Ainsi en avril 2022, chaque nouvel employé s’est vu attribuer deux mentors, des collègues sélectionnés indépendamment de leur position ou de leur âge et dont la mission était d’encadrer et d’aider les nouveaux arrivants. C’est un système qui veut favoriser la communication intergénérationnelle et générer des échanges qui ne soient pas tributaires des organigrammes. « Nous ne pouvons pas en quantifier l’efficacité, mais nous sommes persuadés que cela peut changer la culture d’entreprise. »

Découvrir les avantages de l’école publique

Du CP à la troisième, quand l’école internationale était en vacances d’été pendant trois mois au milieu de chaque année, Rena allait à l’école publique. « J’avais grandi dans un environnement où se teindre les cheveux et porter des boucles d’oreilles était normal. En arrivant à l’école publique, j’ai dû reteindre mes cheveux en noir et enlever mes piercings. Mais j’ai bien aimé. Grâce à l’école publique, je me suis fait des amis dans le quartier et j’ai pu voir les avantages de l’éducation japonaise. »

L’année dernière, l’adolescente a réalisé un documentaire de huit minutes sur l’éducation au Japon sur la base d’entretiens qu’elle avait menés auprès d’élèves et d’enseignants d’écoles privées et publiques. Pour certains, la force de l’école publique réside en ce que les jeunes y étudient de la même manière, sur tous les domaines et suivant un même programme, pour d’autres « le problème du clou qui dépasse » ou « la question de la diversité » restent des défis à relever.

Rena explique pourquoi elle trouve que les écoles publiques présentent, en un sens, plus de « diversité ».

« À l’école publique, il y avait des enfants de parents isolés et il y avait aussi des enfants (de familles pauvres) dont les repas scolaires calmaient la faim. Dans les écoles internationales, il y a beaucoup d’enfants issus de milieux aisés qui mènent une vie normale. En classe, j’ai pu être confrontée à la pauvreté et à divers problèmes sociaux. En fait je ne savais pas ce que c’était d’être pauvre. »

Elle est persuadée que si en cours, on leur donnait l’occasion de réfléchir aux questions sociales, ces élèves, qui connaissent les difficultés de la vie et pour qui les inégalités sont une réalité quotidienne, pourraient sûrement prendre davantage conscience des problèmes et de la nécessité de changer la société par eux-mêmes.

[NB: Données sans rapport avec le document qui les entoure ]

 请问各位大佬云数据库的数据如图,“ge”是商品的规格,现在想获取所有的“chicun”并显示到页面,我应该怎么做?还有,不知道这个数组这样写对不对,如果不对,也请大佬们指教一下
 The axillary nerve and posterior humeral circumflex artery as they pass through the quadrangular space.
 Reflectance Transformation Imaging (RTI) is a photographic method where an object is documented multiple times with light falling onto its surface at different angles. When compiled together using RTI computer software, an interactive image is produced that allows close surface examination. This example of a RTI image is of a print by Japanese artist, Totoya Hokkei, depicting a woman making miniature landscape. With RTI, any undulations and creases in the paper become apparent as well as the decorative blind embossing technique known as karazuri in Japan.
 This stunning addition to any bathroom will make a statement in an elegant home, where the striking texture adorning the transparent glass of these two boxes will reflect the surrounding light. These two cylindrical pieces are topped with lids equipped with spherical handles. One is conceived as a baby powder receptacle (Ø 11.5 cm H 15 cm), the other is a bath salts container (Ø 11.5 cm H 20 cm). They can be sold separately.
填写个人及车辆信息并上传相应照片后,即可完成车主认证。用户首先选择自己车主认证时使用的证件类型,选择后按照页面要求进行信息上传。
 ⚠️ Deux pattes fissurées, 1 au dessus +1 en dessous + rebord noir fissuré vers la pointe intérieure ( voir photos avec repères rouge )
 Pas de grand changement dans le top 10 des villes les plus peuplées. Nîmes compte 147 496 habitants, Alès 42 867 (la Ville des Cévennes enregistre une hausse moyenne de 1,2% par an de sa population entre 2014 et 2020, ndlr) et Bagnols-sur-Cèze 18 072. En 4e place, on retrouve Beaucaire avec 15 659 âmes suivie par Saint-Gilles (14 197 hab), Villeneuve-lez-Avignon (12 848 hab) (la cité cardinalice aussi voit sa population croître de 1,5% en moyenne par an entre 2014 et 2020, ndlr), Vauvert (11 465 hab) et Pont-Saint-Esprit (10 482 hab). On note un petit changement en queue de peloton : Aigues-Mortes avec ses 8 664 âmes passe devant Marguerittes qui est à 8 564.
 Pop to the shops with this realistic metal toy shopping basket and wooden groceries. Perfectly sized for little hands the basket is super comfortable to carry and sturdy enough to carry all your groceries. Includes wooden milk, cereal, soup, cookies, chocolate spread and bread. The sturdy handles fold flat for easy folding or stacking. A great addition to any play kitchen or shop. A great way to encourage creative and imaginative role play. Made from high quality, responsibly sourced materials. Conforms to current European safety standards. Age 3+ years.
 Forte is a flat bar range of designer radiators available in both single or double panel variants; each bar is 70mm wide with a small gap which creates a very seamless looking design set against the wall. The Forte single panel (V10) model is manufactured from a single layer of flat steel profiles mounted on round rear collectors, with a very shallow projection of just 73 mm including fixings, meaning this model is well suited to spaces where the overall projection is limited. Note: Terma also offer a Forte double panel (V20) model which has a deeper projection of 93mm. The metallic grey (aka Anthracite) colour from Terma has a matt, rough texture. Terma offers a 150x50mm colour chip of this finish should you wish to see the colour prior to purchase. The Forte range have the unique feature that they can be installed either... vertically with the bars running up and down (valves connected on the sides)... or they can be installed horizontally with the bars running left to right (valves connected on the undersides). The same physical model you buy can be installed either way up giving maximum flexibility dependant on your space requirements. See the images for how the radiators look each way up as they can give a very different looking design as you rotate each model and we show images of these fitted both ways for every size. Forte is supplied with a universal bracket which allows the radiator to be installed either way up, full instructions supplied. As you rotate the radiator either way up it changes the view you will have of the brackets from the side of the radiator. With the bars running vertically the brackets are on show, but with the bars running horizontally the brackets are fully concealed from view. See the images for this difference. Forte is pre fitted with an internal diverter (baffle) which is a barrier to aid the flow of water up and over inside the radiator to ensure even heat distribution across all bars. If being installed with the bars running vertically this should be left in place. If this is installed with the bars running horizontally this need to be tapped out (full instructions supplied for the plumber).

« On mettrait à profit le vivier des écoles publiques avec des cours où les élèves pourraient réfléchir aux problèmes auxquels ils sont confrontés. Il vaudrait mieux que dans les classes, on ne se contente pas de nier la situation actuelle du Japon, mais qu’on en reconnaisse plutôt le côté positif et qu’on en développe le potentiel. »

Devant le célèbre carrefour de Shibuya à Tokyo.  (Photo avec l’aimable autorisation de KidsRights 2022)
Devant le célèbre carrefour de Shibuya à Tokyo. (Photo avec l’aimable autorisation de KidsRights 2022)

Des jeunes Japonais « indifférents » à la politique ?

Dans son discours à la cérémonie de remise du Prix international de la paix des enfants , elle a déclaré avoir commencé à militer par « frustration » car elle n’arrivait pas « être fière » du pays où elle avait vu le jour.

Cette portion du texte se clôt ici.